One instructor believes the girls may have a slight edge, at that. He explained that women generally have a lighter touch, do not try to rassle a plane as husky lads are prone to do. Then, too, he thinks women are far more apt than men to look upon flying as a perfectly logical mode of transportation.

The girls are by no means overwhelmed by their success in the course. Jean Robinson thinks she and her companions are a little more serious about ground school classes because they realize most of the fellows in the course know a good deal about such subjects already. Hence the gals are working extra hard to make up for the trouble they caused trying to get in the course.

At any rate, the coeds are very much in earnest about their training. And it's not a fad, for all three have been genuinely interested in aeronautics for a long time.

At the University of Omaha Helen Woodson, 19, of Tecumseh, Neb., is the only girl enrolled in the class of 20.

Helen has always like flying and took her first airplane ride when she was 10. Since then she has wanted to make flying her career. She enrolled at the university to take a pharmacist's course since a flying education seemed impossible, but she didn't lose her interest in flying. Last year she joined the University flying club and took three lessons under Pilot John Morrison at the airport. The more she flew the more she like d flying so when the civilian training course was offered Helen signed up scarcely hoping to be the one girl to fill the university's quota of coeds.

She threw pharmacy to the winds and enrolled in the university navigation and meteorology and general aeronautics courses under Frank Durand.

Helen, whose five feet four and one-half inches gives her just a half inch over the required height for the course, has a yen to race planes, but thinks a career as a flying teacher is more possible for her. Her mother, Mrs. Charles Woodson of Tecumseh, has gotten over most of her fears for Helen as a pilot and says she will go up in an airplane when Helen gets her license, but Helen's grandmother, Mrs. L. W. Fahnstock of Omaha won't even go near the airport when Helen is flying.

Helen is a switchboard operator at the university when she isn't in classes. She flies six days each week. Spins were most fun of all to learn and didn't scare her a bit. She enjoys landing a plane but finds take-offs a bit difficult. Helen thinks airplanes have it all over her little care for in the air there no fenders to bend. Amelia Earhart is her ideal in flying and her present goal is to fly to the air races in Cleveland next year–not to enter the races however.

What is the real purpose behind CAA flight training? If it entails obligation for military service, what part will the women take in an emergency?

Assume, for instance, that your son or daughter receives a private pilot's license at the conclusion of their CAA instruction.

In case of war, you ask, will they be automatically drafted as military pilots? The answer is a definite "no!"

Those responsible for the college programs point out that there is no connection between the army or navy and the CAA.

While it is true that a reserve corps of trained pilots is a potential source for military service, those who accept and receive CAA training are no more or less obligated than the individuals who receive their flight instruction privately and at their own expense.

Meanwhile, the CAA training program is continuing.

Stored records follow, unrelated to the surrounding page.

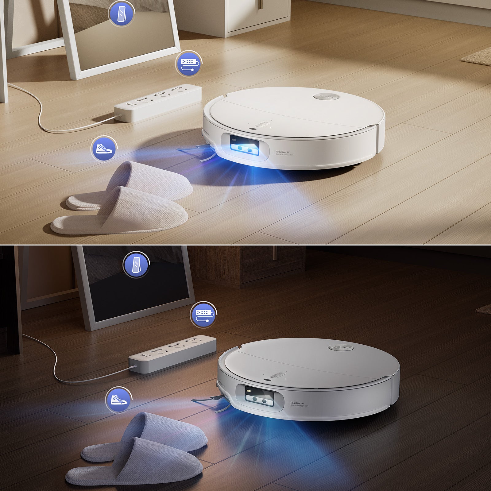 Światło ustrukturyzowane i kamera RGB pozwalają robotowi na inteligentne wykrywanie i omijanie 108 typów obiektów12, co przekłada się na bezproblemową nawigację wokół przeszkód w miejscach dobrze oświetlonych i ciemnych – bez konieczności wcześniejszego sprzątania podłogi.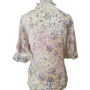 NWOT Anthropologie CeCe Floral Sheer Ruffle-Collar Short-Sleeve Blouse. Size XS.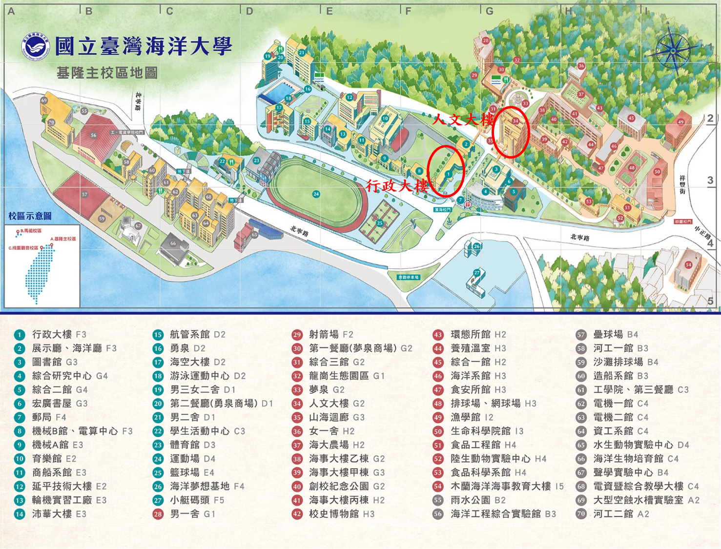 年會地點|國立臺灣海洋大學行政大樓與人文大樓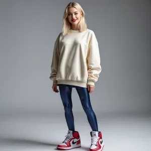 «Full-body photo of a woman wearing elegant lingerie set, in stud...»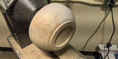 They are all created on a wood lathe, a machine that spins a blank (a chunk of wood) and then excess wood is removed using gouges and carbide bits until all that remains is the desired item. Michanlanglio is quoted as saying about sculpting "Every block of stone has a statue inside it and it is the task of the sculptor to discover it." Woodturning is the same thing except that wood is our medium.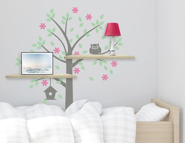 Eule Emil ist auf der Suche nach einem neuen Zuhause. Noch weiß er nicht, dass er bereits auf seiner neuen Heimat sitzt. Nur ein paar Äste tiefer hängt sein kleines Vogelhäuschen. Einmal entdeckt, kann auch Eule Emil beruhigt zu Bett gehen und tief schlummern. Mit diesem Wanddesign lässt es sich gut Geschichten erzählen. So wird aus Deinem Kinderzimmer eine kreative Spielwiese. Das Wandtattoo „Der Eulenbaum“ besteht aus einem Baum mit vielen Blüten, der Eule Emil und einem niedlichen Vogelhaus. Unser Tipp: Du kannst dieses Wanddesign auch wunderbar mit Regal oder Konsole kombinieren. So sieht es aus, als würde Emil auf dem Regal Platz nehmen. Das Wanddesign „Der Eulenbaum“ macht aber natürlich auch ohne Konsole aus Deinem Raum ein kreatives Schmuckstück.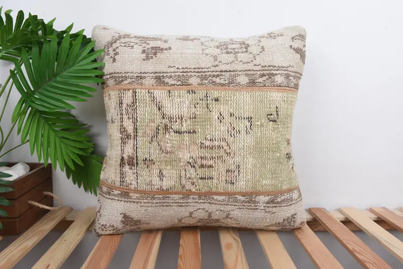 Almohada de lanzamiento de patchwork beige y marrón, cojín de lino hecho a mano de 20x20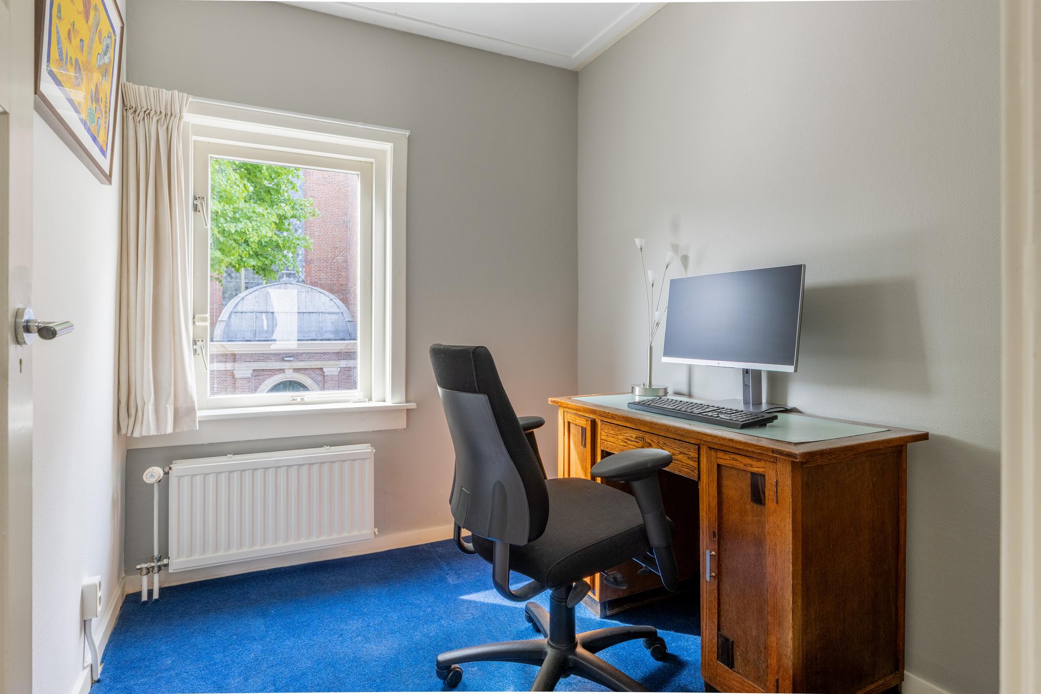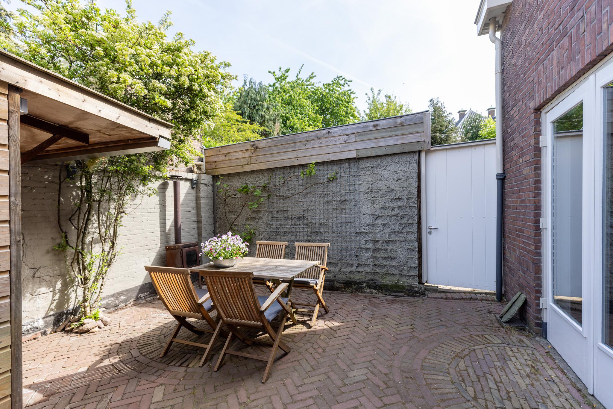 De twee-onder-kap woning is zeer goed onderhouden, heeft openslaande deuren naar de achtertuin, 3 slaapkamers en een grote zolderruimte. In de brede (ca. 6 meter) achtertuin ontbreekt een berging niet en je kan je fiets er makkelijk stallen, want er is een achterom.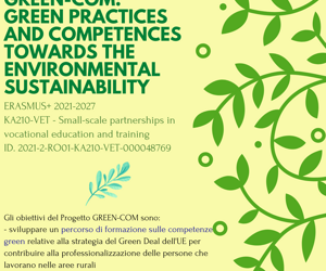 Il percorso specialistico (della durata di 40h) è una delle tante attività previste dal progetto E+ KA2 "Green-Com" promosso da eCONSULENZA e da Unpli Piemonte, dedicato ai temi green e alla transizione verde. Esso è stato avviato il 1° maggio 2022; vedrà attività di Study Visits e un Multiplier Event sia in Italia che in Romania nel 2023.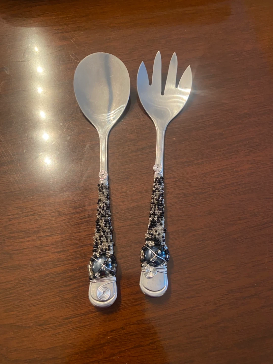 30Add a touch of elegance to your table with this unique salad serving set! Includes a spoon and fork, both featuring beautiful beaded handles. Perfect for serving up your favourite salads at dinner parties or family gatherings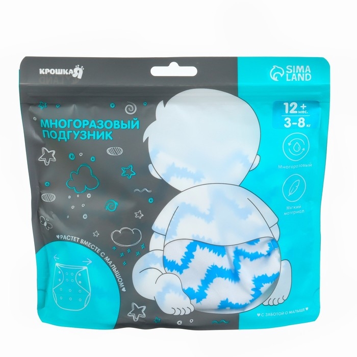 Многоразовый подгузник «Зигзаги», 3-15 кг, цвет голубой, Крошка Я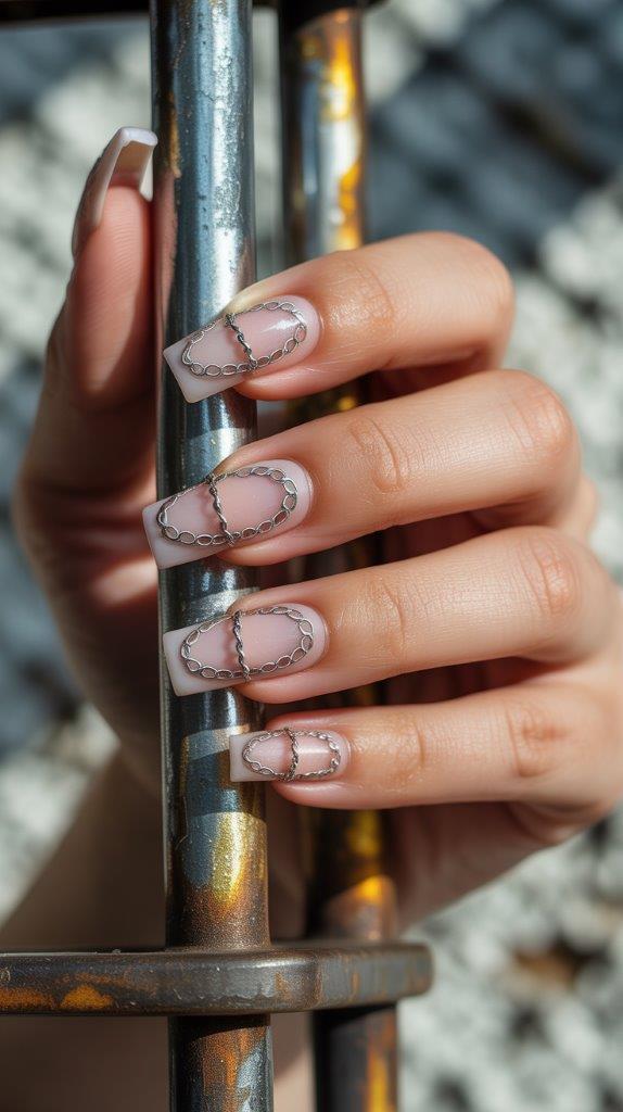 Hand-painted or actual tiny chain details creating industrial-meets-pretty vibes. The juxtaposition of delicate nails with tough hardware elements creates interesting tension. This design has edge while staying spring-appropriate.

Initiated in February 1939, by August the program yielded 215 men pilots form nine college and universities. Each received approximately 50 hours of light instruction–and what's more, his private pilot's license–all at a total cost to the United States government of about $215 per student.

So you had better move to the country, pa and ma, and clear the north forty. For one of these days that terrific expense item of yours is going to drop in on you–be it a son or daughter.